● **What you are asked to do**: A faithful repeat of all the records, with no image kept, is the required answer.

(Stored items from a collection)

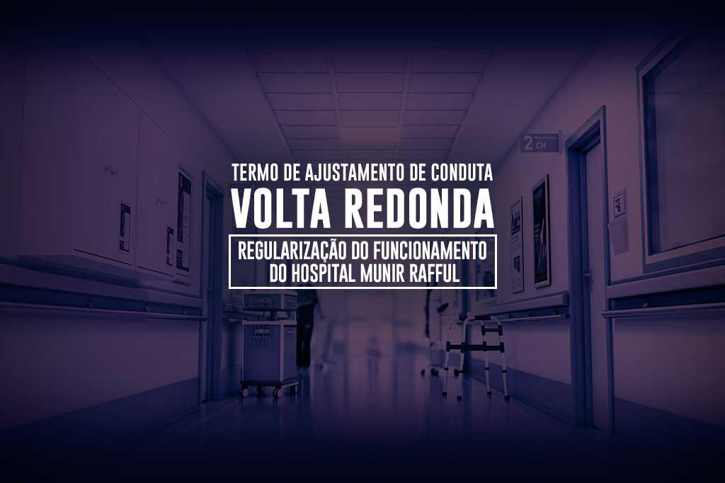 O Ministério Público do Estado do Rio de Janeiro (MPRJ), por meio da 3ª promotoria de Justiça de Tutela Coletiva de Volta Redonda, a Defensoria Pública do Estado (DPRJ), por meio do 2º Núcleo Regional de Tutela Coletiva e o Município de Volta Redonda firmaram, nesta terça-feira (08/12), um Termo de Ajustamento de Conduta (TAC) para a regularização do funcionamento do Hospital Munir Rafful, em Volta Redonda.
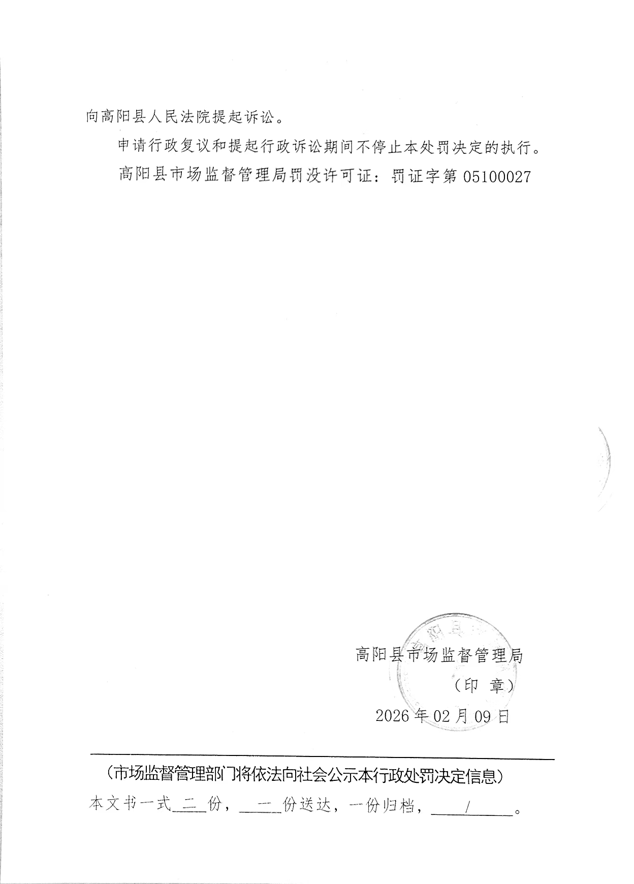当前位置:首页 > 行政执法公示 > 高阳县市场监督管理局
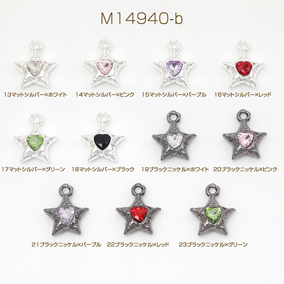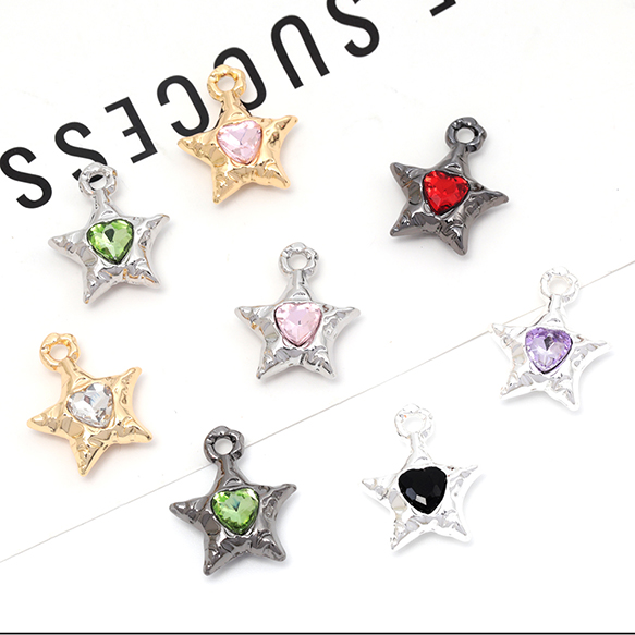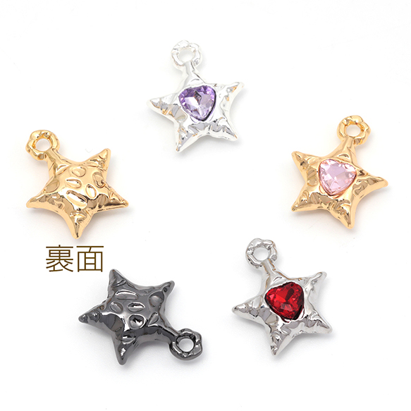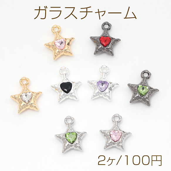 ガラスチャーム 合金製 スター 星 宇宙 ハート ガラスストーン付き メタルチャーム 種類b 約17×20mm(2ヶ)
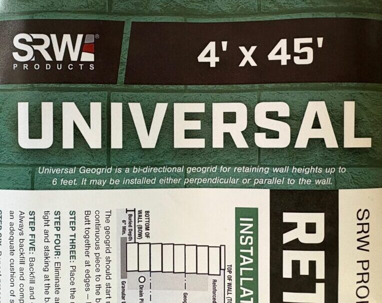 Use for stabilizing retaining walls. Any wall over four feet high should incorporate Geogrid in its design. Our Universal Geogrid is bi-directional and may be installed either perpendicular or parallel to the wall.
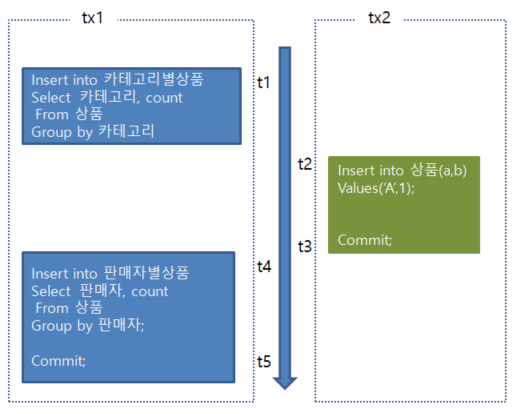 중간에 들어온 tx2 때문에 tx1 의 결과가 예상과 다른결과가 나오게 된다.

● **Answer for this exercise**:
 O Ministério Público do Estado do Rio de Janeiro (MPRJ), por meio da 3ª promotoria de Justiça de Tutela Coletiva de Volta Redonda, a Defensoria Pública do Estado (DPRJ), por meio do 2º Núcleo Regional de Tutela Coletiva e o Município de Volta Redonda firmaram, nesta terça-feira (08/12), um Termo de Ajustamento de Conduta (TAC) para a regularização do funcionamento do Hospital Munir Rafful, em Volta Redonda.
当前位置:首页 > 行政执法公示 > 高阳县市场监督管理局
 ガラスチャーム 合金製 スター 星 宇宙 ハート ガラスストーン付き メタルチャーム 種類b 約17×20mm(2ヶ)
 Use for stabilizing retaining walls. Any wall over four feet high should incorporate Geogrid in its design. Our Universal Geogrid is bi-directional and may be installed either perpendicular or parallel to the wall.
 중간에 들어온 tx2 때문에 tx1 의 결과가 예상과 다른결과가 나오게 된다.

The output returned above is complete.